Here it was. My innate shyness didn’t stand a chance. This was no time for reticence or fear of rejection. This was 653 and a woman who could let me in so I could have the moment with it I didn’t get 23 years earlier.

“Excuse me,” I said after climbing the stairs. “I know this is going to sound strange, but I grew up in this house and…”

“You’re Prince?” she asked sans surprise, as if she’d been expecting me.

So it wasn’t strange. It wasn’t strange at all. Once a 653er, maybe always a 653er. Not only had Prince returned home, but I learned that somewhere between 1991 and 2014, an actual Becker had made one more sojourn. Home wheedles its way into everybody’s subconscious, I guess. Or maybe it was something in the pipes that affected the water we all drank. It didn’t matter. I didn’t have to produce any ID or scoot to my current digs to dig out an old report card. She took my word that I was a full-fledged member of Club 653.

“Do you want to come inside?”

And there I was. Me and my friend, who’d been in the house plenty when we were young but getting inexorably older. He made small talk with the woman. I searched for clues.

Was this really the house that wouldn’t leave my dreams? That I didn’t leave for good until I was 27? That left me when I was 28? The house where I witnessed two World Series being won and who knows how many mundane games being lost? Was this still home or is that sort of thinking nonsense? Would 653 recognize me?

The outside, which I had observed on my periodic walk ‘n’ stalks, had been spiffed up but there was no mistaking it was 653. The inside…that was a different story. This family, the very same one to whom my father sold, had been there a long time. They made their own choices. Lots of choices. Much was different.

It had to be. My mother, the self-styled interior decorator, had her own tastes. They weren’t for everybody. I doubt they were for anybody. I could tell they hadn’t been for these people. I could tell because the woman who let us in more or less said so. She laughed at the memory of the pink cabinets in the kitchen. That was my mother’s call, to match the pink fridge when she went on a painting binge. Little pink cabinets for you and me, apparently, but not for 653’s occupants after 1991.

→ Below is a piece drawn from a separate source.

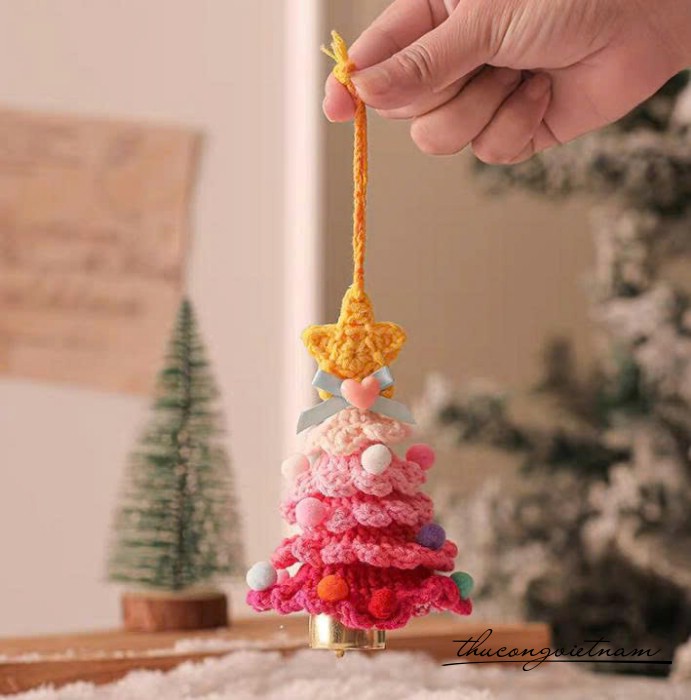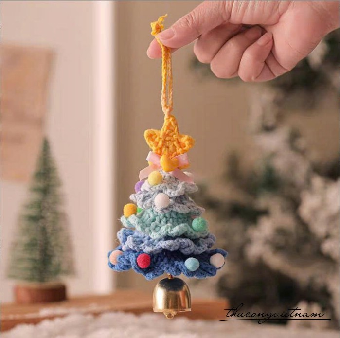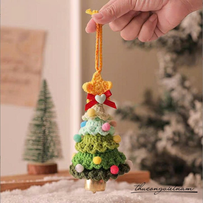 Cây thông len kèm chuông 14*9cm (nhiều màu)

The kitchen’s tones were more muted and its appliances more modern. Walls had been taken down. Space had been opened up. The living room and dining room were no longer separate entities. The room in the back we occasionally labeled “the den” but was just where all the junk got piled now operated as an actual den.

My friend and I were steered away from the upstairs, site of my room, which seemed appropriate. When the pre-Beckers visited us in the vicinity of 1977, we gave them the full tour. They remembered everything. When they got to my room, they drew a total blank. And now I couldn’t see it. Maybe it never existed except for me. Maybe my childhood, adolescence and deliberately developing adulthood were all figments of my imagination.

We were, however, offered the run of the basement, an area that never fully reached its potential in my day. The woman’s husband was down there, using the space that connected the garage to everything else as an office. I guess they solved the exhaust fumes problem. My friend asked about damage from Sandy (it’s the Long Beach equivalent of “what did you do in the war, Daddy?”). While they compared notes on what was bad and what could’ve been worse, I excused myself to use the basement bathroom. I didn’t need directions. I liked that I knew where things were even if they looked a lot better and therefore not as good in my eyes.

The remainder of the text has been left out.